Dick Stockton and Tom Heinsohn worked play-by-play and color commentary respectively. It was the fourth consecutive and last Finals series to pair Stockton and Heinsohn together; Heinsohn was demoted in favor of Billy Cunningham following the series. At the time, Stockton and Heinsohn had worked the most number of NBA Finals series together.

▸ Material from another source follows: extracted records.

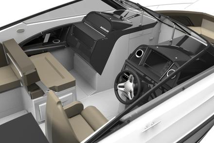 Motorisés en version hors-bord Mercury de 150 à 300 chevaux, les nouveaux Quicksilver Activ disposeront d’une direction hydraulique de série (sauf pour le 555) et d’un poste de pilotage ergonomique avec un bloc électronique (GPS/traceur) en option. Côté confort, on retrouvera à bord une finition flexiteck, un bimini intégré à installer en un tour de main, une table de cockpit pliable ou encore de nombreux coffres de rangement pour les skis ou les différents matériels. Parmi leurs atouts, les nouveaux Activ offriront un passage direct vers la proue via une ouverture centrale dans le pare-brise. De même, les amateurs de farniente apprécieront la partie avant qui dispose d’une banquette en U et peut se transformer en bain de soleil toujours en quelques secondes. Enfin, on retiendra de part et d’autre du moteur hors-bord, de mini plateformes de bain pratiques pour la baignade ou l’accostage une fois revenu au port. Les trois modèles disposent d'un cockpit autovideur et d'une kitchenette. Cependant, seuls le 605 et le 755 Activ Bowrider offrent le système de drainage qui évite que l’eau s’écoule vers le cockpit.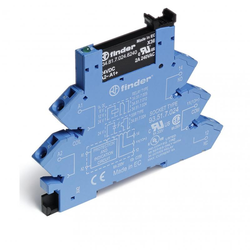 Description: Interface modulaire à relais statique 1NO 2A, entrée : 24V DC version sensible, sortie: 240V AC, étrier plastique de maintien, largeur 6,2mm, bornes à ressort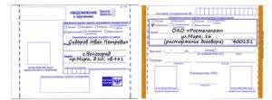 На оборотной стороне указываются данные, кому предназначено отправление. При этом оборотная сторона бланка, как уже было сказано выше, будет дополнена сотрудником почты в момент вручения письма и подписана получателем.

ESPN/ABC's Mike Breen, Mark Jackson and Jeff Van Gundy later broke the record for the most complete NBA Finals series called by a single television play-by-play/color commentary team following the 2011 NBA Finals, and called a record 14 complete NBA Finals series in total (the 2022 NBA Finals did involve the trio of Breen, Jackson and Van Gundy, but Mark Jones filled in for Breen on play-by-play in Games 1 and 2 due to his recovery from COVID-19, and Van Gundy missed Game 1 for the same reason).

== Aftermath ==
The 1987 Finals would be the Celtics' last until their championship season, but would be the last for the 'Big Three' of Larry Bird, Kevin McHale and Robert Parish. In K.C. Jones' final season as Celtics' coach they still won the Atlantic Division title by winning 57 games, but the Celtics fell in six games to the Detroit Pistons, in the rematch of their Eastern Conference finals showdown in 1988. The Celtics would not reach that far again for the next 14 years. The Celtics did not reach the NBA Finals again until 2008, where they defeated the Lakers in six games; by then, the general manager of the team was former player Danny Ainge.

Following their championship win, Lakers coach Pat Riley guaranteed a repeat championship during the team's championship parade a few days after winning the NBA Finals. As Riley predicted, the Lakers would repeat as champions the following season, as they narrowly defeated the Detroit Pistons in seven games after a controversial foul on the Pistons saved the Lakers from elimination in Game 6. The Lakers were the first repeat NBA champions since the 1968–1969 Celtics.

Prior to 2008, the Celtics and Lakers came close to renewing their rivalry in 2002. But while the Lakers reached the Finals, the Celtics were upset by the New Jersey Nets, who were coached by Byron Scott, in six games in the Eastern Conference Finals.